> The problem
Below are records; please give the number of their lines that contain the string "each", and only that number.

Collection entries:
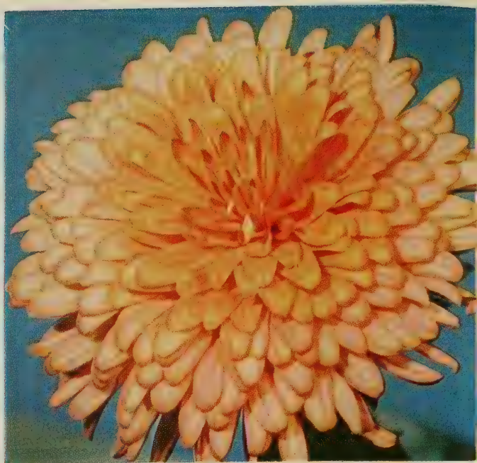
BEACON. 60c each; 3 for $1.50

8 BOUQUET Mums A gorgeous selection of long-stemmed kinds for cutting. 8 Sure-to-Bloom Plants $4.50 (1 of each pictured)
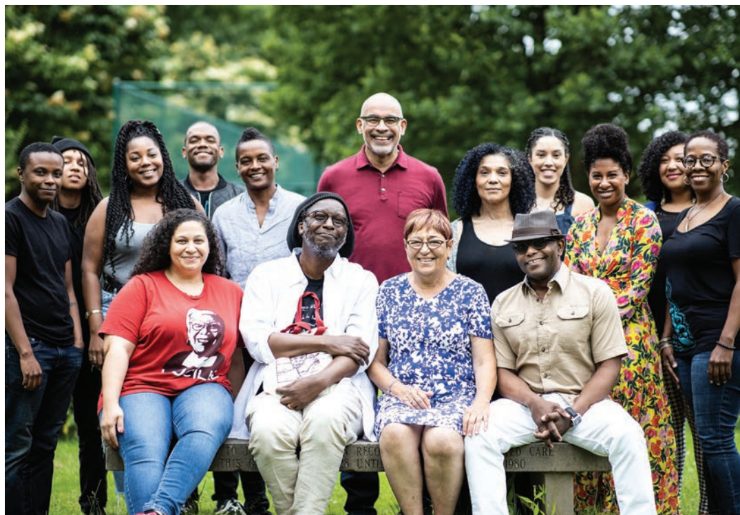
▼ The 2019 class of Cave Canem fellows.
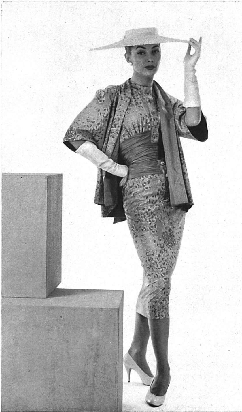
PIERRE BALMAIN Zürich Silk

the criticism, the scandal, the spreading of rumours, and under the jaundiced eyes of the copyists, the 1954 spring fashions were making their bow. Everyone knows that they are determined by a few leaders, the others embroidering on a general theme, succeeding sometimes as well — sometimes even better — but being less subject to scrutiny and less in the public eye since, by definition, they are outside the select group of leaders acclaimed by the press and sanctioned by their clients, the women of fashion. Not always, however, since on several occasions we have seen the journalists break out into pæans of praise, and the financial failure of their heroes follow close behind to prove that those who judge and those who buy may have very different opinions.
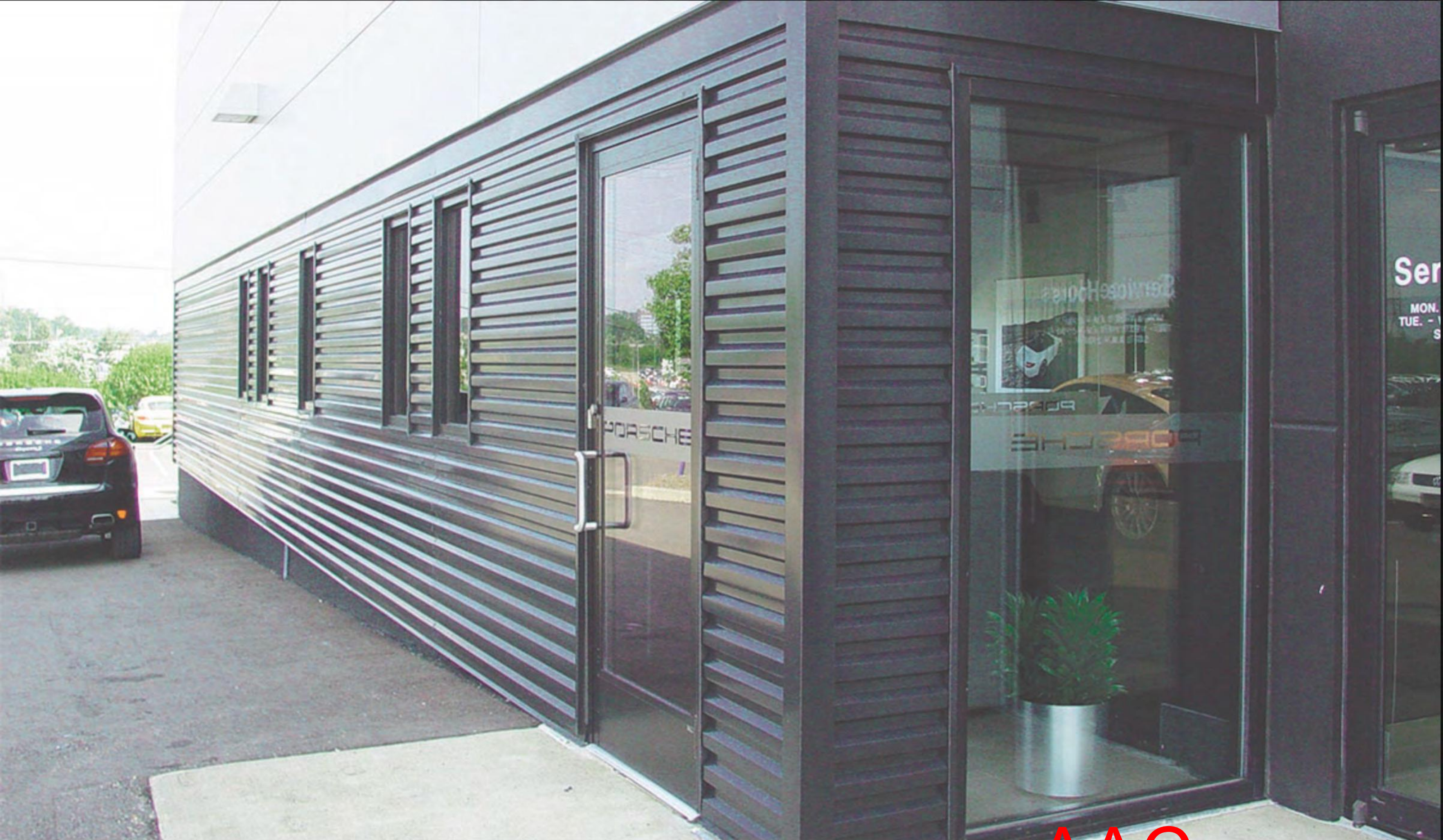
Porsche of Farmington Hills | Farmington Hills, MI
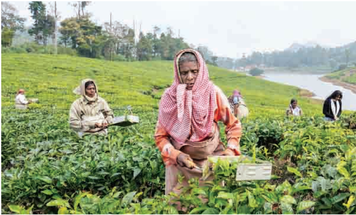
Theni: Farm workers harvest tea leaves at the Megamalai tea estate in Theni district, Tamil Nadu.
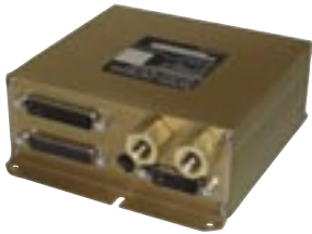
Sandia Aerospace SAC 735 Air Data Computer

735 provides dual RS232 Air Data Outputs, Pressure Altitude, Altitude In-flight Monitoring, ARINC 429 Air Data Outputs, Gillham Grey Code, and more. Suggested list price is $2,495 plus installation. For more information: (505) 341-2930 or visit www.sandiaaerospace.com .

> The completed task
2